#### [Available data]
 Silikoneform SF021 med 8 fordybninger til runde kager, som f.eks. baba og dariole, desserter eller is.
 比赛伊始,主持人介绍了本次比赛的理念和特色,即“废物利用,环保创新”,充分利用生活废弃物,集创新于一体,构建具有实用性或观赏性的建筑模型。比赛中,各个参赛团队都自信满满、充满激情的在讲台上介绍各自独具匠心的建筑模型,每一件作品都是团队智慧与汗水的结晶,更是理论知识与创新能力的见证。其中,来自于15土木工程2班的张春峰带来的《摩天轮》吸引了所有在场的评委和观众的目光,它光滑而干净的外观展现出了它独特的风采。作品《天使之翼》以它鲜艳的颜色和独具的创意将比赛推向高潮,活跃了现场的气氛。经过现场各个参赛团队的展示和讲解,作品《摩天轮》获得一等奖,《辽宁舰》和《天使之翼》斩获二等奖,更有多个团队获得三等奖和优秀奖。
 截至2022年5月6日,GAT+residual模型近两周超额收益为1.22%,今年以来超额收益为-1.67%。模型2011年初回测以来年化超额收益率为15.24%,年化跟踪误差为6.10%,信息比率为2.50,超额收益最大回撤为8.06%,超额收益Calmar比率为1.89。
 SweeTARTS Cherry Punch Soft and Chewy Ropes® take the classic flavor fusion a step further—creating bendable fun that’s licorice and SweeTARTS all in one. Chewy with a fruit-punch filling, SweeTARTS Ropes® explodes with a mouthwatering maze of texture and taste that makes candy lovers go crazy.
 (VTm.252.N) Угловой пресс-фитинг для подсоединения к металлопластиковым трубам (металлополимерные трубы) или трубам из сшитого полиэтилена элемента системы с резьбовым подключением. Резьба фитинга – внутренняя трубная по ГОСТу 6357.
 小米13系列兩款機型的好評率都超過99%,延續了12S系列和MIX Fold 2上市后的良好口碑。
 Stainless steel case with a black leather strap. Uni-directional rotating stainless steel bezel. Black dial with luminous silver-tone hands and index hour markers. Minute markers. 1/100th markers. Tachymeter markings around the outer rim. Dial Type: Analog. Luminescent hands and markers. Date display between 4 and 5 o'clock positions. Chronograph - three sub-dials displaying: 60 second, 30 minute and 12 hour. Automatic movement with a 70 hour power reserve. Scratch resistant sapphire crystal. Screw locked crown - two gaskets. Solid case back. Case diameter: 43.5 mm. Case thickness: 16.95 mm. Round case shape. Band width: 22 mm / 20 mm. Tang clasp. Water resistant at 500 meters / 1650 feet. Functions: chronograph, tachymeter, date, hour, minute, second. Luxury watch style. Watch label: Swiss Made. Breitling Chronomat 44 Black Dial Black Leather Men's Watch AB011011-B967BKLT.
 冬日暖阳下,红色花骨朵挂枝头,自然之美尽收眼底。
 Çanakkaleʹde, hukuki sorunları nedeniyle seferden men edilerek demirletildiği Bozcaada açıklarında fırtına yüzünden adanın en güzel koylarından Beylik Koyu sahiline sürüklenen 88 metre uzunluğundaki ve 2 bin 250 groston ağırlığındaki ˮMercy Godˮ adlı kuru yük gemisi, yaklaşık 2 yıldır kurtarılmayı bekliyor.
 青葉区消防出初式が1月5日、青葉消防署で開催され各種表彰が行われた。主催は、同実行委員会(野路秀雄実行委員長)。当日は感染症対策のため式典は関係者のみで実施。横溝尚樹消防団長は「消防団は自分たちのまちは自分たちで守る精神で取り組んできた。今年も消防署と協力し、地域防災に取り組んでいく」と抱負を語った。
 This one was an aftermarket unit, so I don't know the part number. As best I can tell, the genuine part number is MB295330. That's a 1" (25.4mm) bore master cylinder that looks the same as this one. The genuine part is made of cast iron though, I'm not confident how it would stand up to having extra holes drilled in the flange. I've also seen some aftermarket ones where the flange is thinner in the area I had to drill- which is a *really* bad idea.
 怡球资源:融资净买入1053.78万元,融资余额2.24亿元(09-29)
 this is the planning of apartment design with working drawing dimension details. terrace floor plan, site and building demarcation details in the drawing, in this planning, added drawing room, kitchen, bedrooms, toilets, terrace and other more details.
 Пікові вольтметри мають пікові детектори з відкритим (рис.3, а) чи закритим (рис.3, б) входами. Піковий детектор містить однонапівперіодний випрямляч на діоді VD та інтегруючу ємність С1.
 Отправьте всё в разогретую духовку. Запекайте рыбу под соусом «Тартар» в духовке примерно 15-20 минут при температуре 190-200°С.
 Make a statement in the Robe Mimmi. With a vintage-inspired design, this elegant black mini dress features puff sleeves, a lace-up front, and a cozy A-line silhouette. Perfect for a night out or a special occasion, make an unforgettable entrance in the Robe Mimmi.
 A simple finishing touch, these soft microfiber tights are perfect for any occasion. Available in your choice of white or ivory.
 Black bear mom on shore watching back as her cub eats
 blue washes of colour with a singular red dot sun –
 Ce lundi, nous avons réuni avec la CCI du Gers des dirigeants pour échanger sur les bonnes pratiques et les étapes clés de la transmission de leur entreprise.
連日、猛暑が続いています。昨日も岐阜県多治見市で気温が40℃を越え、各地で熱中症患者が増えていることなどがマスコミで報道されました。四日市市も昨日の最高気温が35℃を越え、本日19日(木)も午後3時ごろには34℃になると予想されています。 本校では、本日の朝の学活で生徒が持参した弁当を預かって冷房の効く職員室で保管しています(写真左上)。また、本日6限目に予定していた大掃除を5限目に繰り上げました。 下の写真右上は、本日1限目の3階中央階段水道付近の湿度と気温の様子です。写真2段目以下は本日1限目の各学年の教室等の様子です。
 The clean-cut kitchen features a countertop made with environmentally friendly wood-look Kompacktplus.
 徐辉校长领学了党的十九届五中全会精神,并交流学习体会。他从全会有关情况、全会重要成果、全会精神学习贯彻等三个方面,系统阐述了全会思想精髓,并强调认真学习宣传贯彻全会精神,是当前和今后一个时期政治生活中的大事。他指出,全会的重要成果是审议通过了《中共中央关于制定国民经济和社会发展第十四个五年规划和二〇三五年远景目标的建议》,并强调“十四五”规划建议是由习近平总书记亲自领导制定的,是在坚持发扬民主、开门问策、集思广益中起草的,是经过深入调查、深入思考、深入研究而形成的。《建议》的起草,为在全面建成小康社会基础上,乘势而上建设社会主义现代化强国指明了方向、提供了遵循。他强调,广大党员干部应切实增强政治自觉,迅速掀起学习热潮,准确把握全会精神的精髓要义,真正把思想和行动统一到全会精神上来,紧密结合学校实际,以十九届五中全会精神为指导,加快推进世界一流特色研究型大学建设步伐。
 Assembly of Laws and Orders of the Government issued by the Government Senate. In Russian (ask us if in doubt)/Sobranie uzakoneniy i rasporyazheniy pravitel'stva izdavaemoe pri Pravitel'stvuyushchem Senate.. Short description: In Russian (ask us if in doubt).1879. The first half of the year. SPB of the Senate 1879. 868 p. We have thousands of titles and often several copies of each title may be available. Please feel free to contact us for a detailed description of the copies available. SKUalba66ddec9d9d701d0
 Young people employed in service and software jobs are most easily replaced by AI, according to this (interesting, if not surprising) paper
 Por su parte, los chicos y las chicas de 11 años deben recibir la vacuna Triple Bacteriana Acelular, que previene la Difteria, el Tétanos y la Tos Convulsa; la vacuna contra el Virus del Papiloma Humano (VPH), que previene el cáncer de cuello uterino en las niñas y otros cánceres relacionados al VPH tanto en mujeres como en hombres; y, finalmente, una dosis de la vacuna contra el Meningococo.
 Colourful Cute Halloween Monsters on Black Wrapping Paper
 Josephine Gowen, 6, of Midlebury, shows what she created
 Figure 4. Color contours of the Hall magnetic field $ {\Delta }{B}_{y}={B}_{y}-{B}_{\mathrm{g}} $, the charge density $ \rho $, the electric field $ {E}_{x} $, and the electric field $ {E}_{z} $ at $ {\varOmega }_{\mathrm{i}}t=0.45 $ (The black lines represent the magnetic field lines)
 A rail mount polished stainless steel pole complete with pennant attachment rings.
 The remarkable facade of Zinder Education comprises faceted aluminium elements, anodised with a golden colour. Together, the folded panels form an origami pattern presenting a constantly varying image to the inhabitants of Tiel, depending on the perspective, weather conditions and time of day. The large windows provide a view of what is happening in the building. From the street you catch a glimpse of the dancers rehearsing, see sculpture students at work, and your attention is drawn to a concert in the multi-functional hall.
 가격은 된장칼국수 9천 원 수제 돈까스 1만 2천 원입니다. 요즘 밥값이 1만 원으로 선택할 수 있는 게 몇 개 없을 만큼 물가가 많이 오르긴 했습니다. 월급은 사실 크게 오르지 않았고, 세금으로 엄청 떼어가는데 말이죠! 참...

#### [Aim of the task]
For this task, copy every line of the material in which "that" appears.

#### [Solution below]
 SweeTARTS Cherry Punch Soft and Chewy Ropes® take the classic flavor fusion a step further—creating bendable fun that’s licorice and SweeTARTS all in one. Chewy with a fruit-punch filling, SweeTARTS Ropes® explodes with a mouthwatering maze of texture and taste that makes candy lovers go crazy.
 This one was an aftermarket unit, so I don't know the part number. As best I can tell, the genuine part number is MB295330. That's a 1" (25.4mm) bore master cylinder that looks the same as this one. The genuine part is made of cast iron though, I'm not confident how it would stand up to having extra holes drilled in the flange. I've also seen some aftermarket ones where the flange is thinner in the area I had to drill- which is a *really* bad idea.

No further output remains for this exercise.